Farzaneh Raji, an Iranian socialist feminist writer, translator and former political prisoner, has recently written that “we cannot use patriarchal slogans to fight patriarchy.” She has specifically called for slogans that express the “ideals, demands and goals of the movement.”
A statement by a group of Iranian feminists calling for mass protests on the 40-day anniversary of Amini’s death also stated that they oppose any type of dictatorship — whether by the clergy or by the monarchy — and fight simultaneously and “without prioritization for the emancipation of women from patriarchy, for the emancipation of workers, teachers, nurses from class exploitation, for the emancipation of students from educational dictatorship, for the emancipation of oppressed nationalities from this centralized system and for women’s self-determination, for equality, justice, for women, life, freedom.”
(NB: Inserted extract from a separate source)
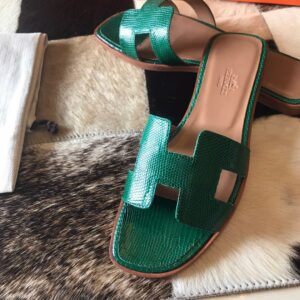 The most outstanding feature of the Oran sandal is the iconic H cutout that stands as a symbol of the Hermes brand that is known throughout the world and in fashion circles. The uppers of the Oran sandal are made of exotic Lizard leather, which is extremely valuable and rare and is processed as little as possible to maintain its natural texture. This is an essential accessory for any woman’s wardrobe featuring the iconic Hermes style for casual wear.

Free the Imprisoned Feminists
As protests continue in the streets, some of the most vocal, articulate, experienced and active feminists inside Iran are currently either languishing in prison or out on furlough and in effect prevented from engaging in any activities. These include Narges Mohammadi, a campaigner against the death penalty and solitary confinement; Nasrin Sotoudeh, a human rights attorney; and other writers and activists such as Atena Daemi, Golrokh Iraee, Zeynab Jalalian and Sepideh Qolian, among others. These feminists have also written about the terrible conditions faced by imprisoned women in general. Inside prisons, they have created new bonds of solidarity with marginalized women from oppressed ethnic, national and religious minorities, and have exposed the intertwining of incarceration, state violence, gender violence, economic inequality and patriarchy.
Although the cases of a few of Iran’s feminists such as Nasrin Sotoudeh and Narges Mohammadi have gained some global attention, the demand for the immediate release of Iran’s political prisoners has not become a global campaign. International feminists must urgently publicize the names and biographies of Iran’s imprisoned feminists and speak out against the system of mass incarceration that exists in Iran.
It is impossible to have a feminist revolution in Iran so long as these women are imprisoned and suffer from all the ailments that prison life has imposed on them. We need their knowledge and experience, as well as the networks which they have developed around the country in order to deepen the content of the current uprising.
The active presence of these feminists in the struggle, and the raising of explicit feminist issues such as opposition to honor killings and rape, support for abortion/reproductive rights, the right to divorce and custody of children, the rights of the LGBT community, labor rights, and the rights of oppressed national and religious minorities can help guarantee that the movement to overthrow the Islamic Republic will continue to proceed in a progressive direction and not be diverted by patriarchal nationalism.